Le groupe Unesp a ensuite confirmé que les toxines étaient extrêmement sélectives et ne reconnaissaient que les lymphocytes leucémiques et non les lymphocytes sains. Ils ont commencé à soupçonner que l'explication de cette sélectivité était liée aux propriétés uniques des membranes des cellules cancéreuses. "Nous sommes allés étudier le mécanisme", a déclaré Neto. Selon lui, dans les membranes cellulaires saines, les phospholipides appelés PS et PE sont situés sur la membrane interne, faisant face à l'intérieur de la cellule. Mais dans les cellules cancéreuses, PS et PE sont enchâssés dans la membrane externe, faisant face à l'environnement autour de la cellule. Les scientifiques ont testé leur théorie en créant des membranes modèles contenant du PE et du PS et en les exposant au MP1. Ils ont utilisé une large gamme de techniques biophysiques et d'imagerie pour caractériser les effets destructeurs de MP1 sur les membranes.

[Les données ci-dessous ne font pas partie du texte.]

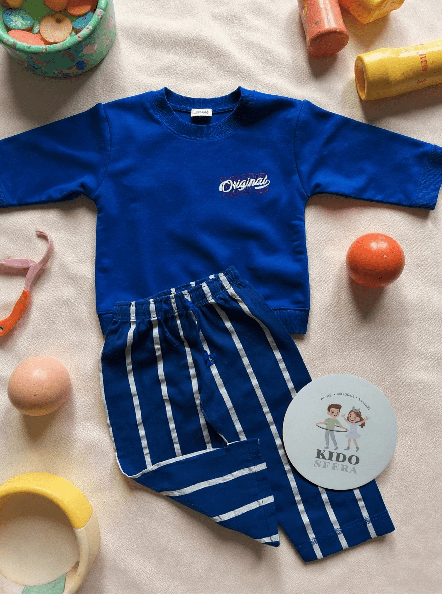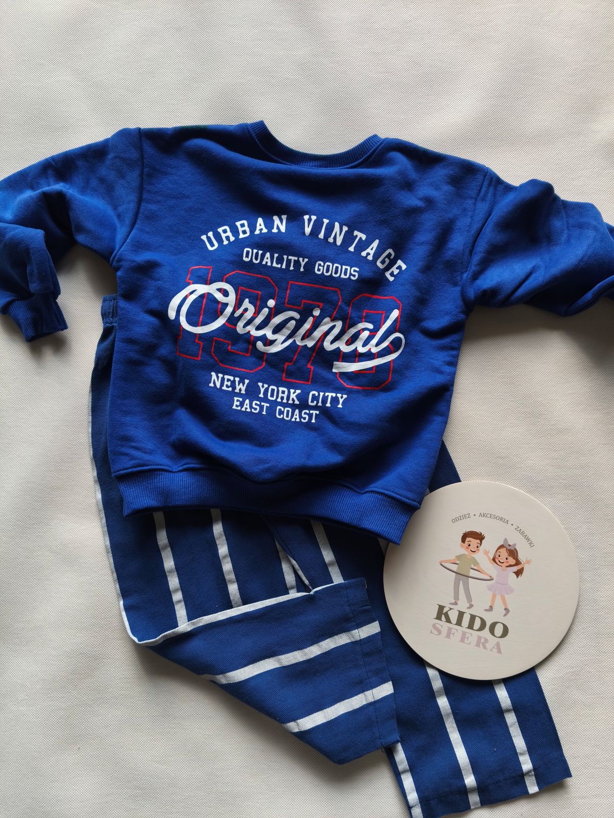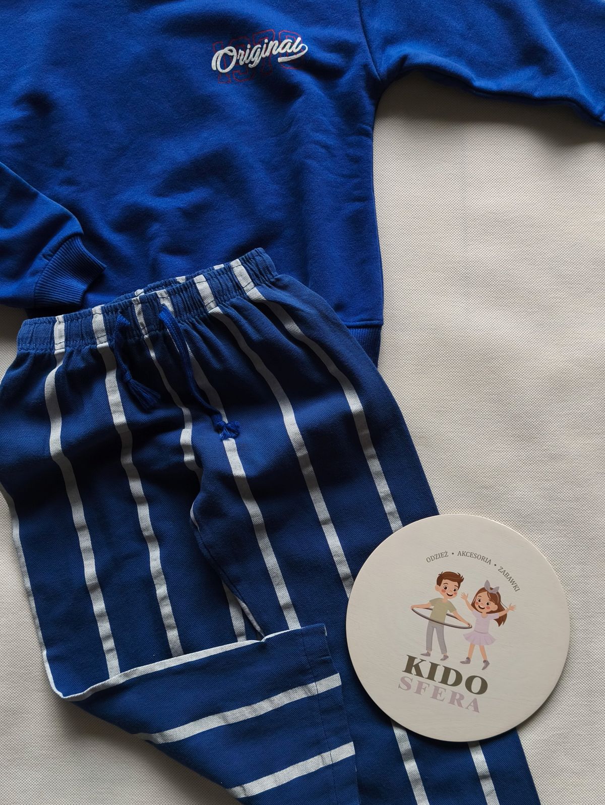 Granatowy komplet dla chłopca: bluza z nadrukiem na plecach + spodnie w pionowe pasy.👖👘🧶

Le résultat était frappant: la présence de PS augmentait de 7 à 8 fois la quantité de MP1 liée à la membrane. La présence de PE, par contre, augmentait la capacité de MP1 à endommager rapidement la membrane, augmentant ainsi la taille du trou de 20 à 30 fois. "Formés en quelques secondes, ces pores sont suffisamment gros pour permettre la fuite de molécules cellulaires essentielles telles que l'ARN et les protéines. L'amélioration spectaculaire de la perméabilisation induite par les toxines en présence de PE et la taille des pores dans ces membranes étaient surprenantes." dit Neto.

Potentiel

Dans des études ultérieures, les scientifiques envisagent de modifier la séquence d'acides aminés de MP1 pour examiner le lien entre la structure de la toxine et sa fonction, afin d'améliorer sa sélectivité et son efficacité à des fins cliniques. Selon Beale, comprendre le mécanisme d'action de cette toxine aidera les études translationnelles - c'est-à-dire la recherche scientifique appliquée de manière clinique - à évaluer son potentiel d'utilisation en médecine à l'avenir. "Comme il a été démontré en laboratoire que la toxine est sélective pour les cellules cancéreuses et non toxique pour les cellules normales, elle a le potentiel d'être sûre. Mais des efforts supplémentaires seront nécessaires pour le prouver", a déclaré Beale.